Economic Development Bill Passes Legislature, Includes Aid and Incentives for Employers and Employees

The final conference report for S.11, which became the latest and last vehicle for attaching a wide range of economic development and other provisions that have evolved over this session,  has passed the Legislature and is awaiting the Governor’s action.  It includes a number of provisions intended to help certain employers and employees.  Unfortunately it also includes provisions increasing UI costs for employers by $100 million over the coming years (see this post here for more on this issue).

As noted above, the bill includes numerous provisions providing for funding, incentives, promotion, and other support for certain employers, employees, and economic development stakeholders.  AIV will provide more detailed information on all the provisions as it becomes available in the near future, but below are some highlighted sections.  Also, please feel free to contact us at info@aivt.org with any questions or to otherwise discuss the bill.  If you want to review the text of the bill, you can click here.

COVID-19 Related Paid Leave Grant Program

Section 51 is findings and Section 51a establishes the COVID-19-Related Paid Leave Grant Program.  The Program will provide $15,180,000.00 to reimburse employers for the cost of COVID-related paid leave provided to employees for the fiscal year starting July 1.  Reimbursement is to be paid out at 100% of employee’s hourly wage for up to 40 hours per employee or the employee’s average weekly hours, whichever is less.  The maximum grant per employee is $21.25 per hour and $850.00 in the aggregate.  Employers may also utilize money to retroactively provide paid leave to employees who did not have paid leave available when they were absent for a COVID-19-related reason.

The Department of Financial Regulation will administer the grant program.  AIV will provide more information as available, but please feel free to contact us at info@aivt.org if you have any questions.

VEDA Short-Term Forgivable Loan Program

Section 53b of the bill appropriates $19.0 million in ARPA SFR funds to the Vermont Economic Development Authority in FY 2022 to operate the VEDA Short-Term Forgivable Loan Program. Eligible borrowers must have fewer than 500 employees located in Vermont and must identify economic harm caused by the COVID pandemic.
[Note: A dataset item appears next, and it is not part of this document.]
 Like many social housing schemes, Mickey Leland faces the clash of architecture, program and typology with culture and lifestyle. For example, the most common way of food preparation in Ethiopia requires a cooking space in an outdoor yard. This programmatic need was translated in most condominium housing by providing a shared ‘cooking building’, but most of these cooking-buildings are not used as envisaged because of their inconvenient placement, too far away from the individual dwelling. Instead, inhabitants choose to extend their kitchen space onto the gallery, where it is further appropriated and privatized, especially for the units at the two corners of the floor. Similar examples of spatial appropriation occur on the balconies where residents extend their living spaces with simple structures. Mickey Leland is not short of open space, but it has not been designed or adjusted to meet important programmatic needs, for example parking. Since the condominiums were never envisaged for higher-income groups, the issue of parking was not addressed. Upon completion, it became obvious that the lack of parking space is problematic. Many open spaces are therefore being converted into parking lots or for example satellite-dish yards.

Economic harm will be measured by a material decline in annual adjusted net operating income from before the COVID pandemic to after it.
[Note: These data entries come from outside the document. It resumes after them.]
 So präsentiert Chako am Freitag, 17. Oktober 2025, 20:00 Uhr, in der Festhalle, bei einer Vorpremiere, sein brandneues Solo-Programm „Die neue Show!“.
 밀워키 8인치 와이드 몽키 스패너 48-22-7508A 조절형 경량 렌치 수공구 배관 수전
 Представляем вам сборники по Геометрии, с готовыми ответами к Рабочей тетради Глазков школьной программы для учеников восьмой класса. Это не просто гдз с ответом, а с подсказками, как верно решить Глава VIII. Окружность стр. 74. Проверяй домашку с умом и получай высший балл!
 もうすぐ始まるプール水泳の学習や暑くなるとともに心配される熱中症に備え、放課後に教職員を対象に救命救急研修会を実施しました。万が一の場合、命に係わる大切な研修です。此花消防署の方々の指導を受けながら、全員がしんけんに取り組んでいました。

To be eligible for a loan, a business needs to have experienced a 25% reduction in its adjusted net operating income in 2020 and 2021 combined when compared to 2019. Further, at least 50% of the reduction in net operating income must have occurred in 2021.

Previous state or federal assistance in connection with the pandemic, reasonable owner’s compensation, noncash expenses, and other adjustments deemed appropriate will be considered. Loaned amounts will be used for eligible fixed or operating expenses, and the loan is not to exceed the lesser of $200,000, six months of eligible cost, or the amount of cumulative decline in adjusted net operating income in 2020 and 2021.
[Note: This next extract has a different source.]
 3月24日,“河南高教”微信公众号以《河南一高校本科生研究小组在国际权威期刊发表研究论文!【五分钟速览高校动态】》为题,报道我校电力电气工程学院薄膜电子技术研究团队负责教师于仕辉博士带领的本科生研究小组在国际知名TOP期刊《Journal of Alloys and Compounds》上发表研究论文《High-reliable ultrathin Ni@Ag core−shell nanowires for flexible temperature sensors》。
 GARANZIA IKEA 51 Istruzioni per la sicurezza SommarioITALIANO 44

Community Recovery and Revitalization Grant Program

Section 53c appropriates $10.0 million in ARPA SFR dollars in FY 2023 to the Agency of Commerce and Community Development for the Community Recovery and Revitalization Grant Program. As described in the bill, this program builds on and replaces the Capital Investment Grant Program created in Act 74 of 2021. The Agency will award grants to make investments to retain and expand existing businesses and nonprofit organizations, attract new businesses and nonprofit organizations, and support job creation. Projects in regions and communities that have experienced stagnant or declining grand lists will be given preference.

To be eligible for the program, applicants must be located within the state and can be for-profit, nonprofit, or municipal entities. The applicant must demonstrate that the project has community and regional support; that grant funding is needed to complete the project; that they are leveraging additional sources of funding from local, State or federal economic development programs; and an ability to manage the project. State and locally government operated businesses, businesses with 20 or more locations, and publicly traded companies are ineligible for grants. Grants cannot exceed the lesser of $1.0 million or 20 percent of the total project cost.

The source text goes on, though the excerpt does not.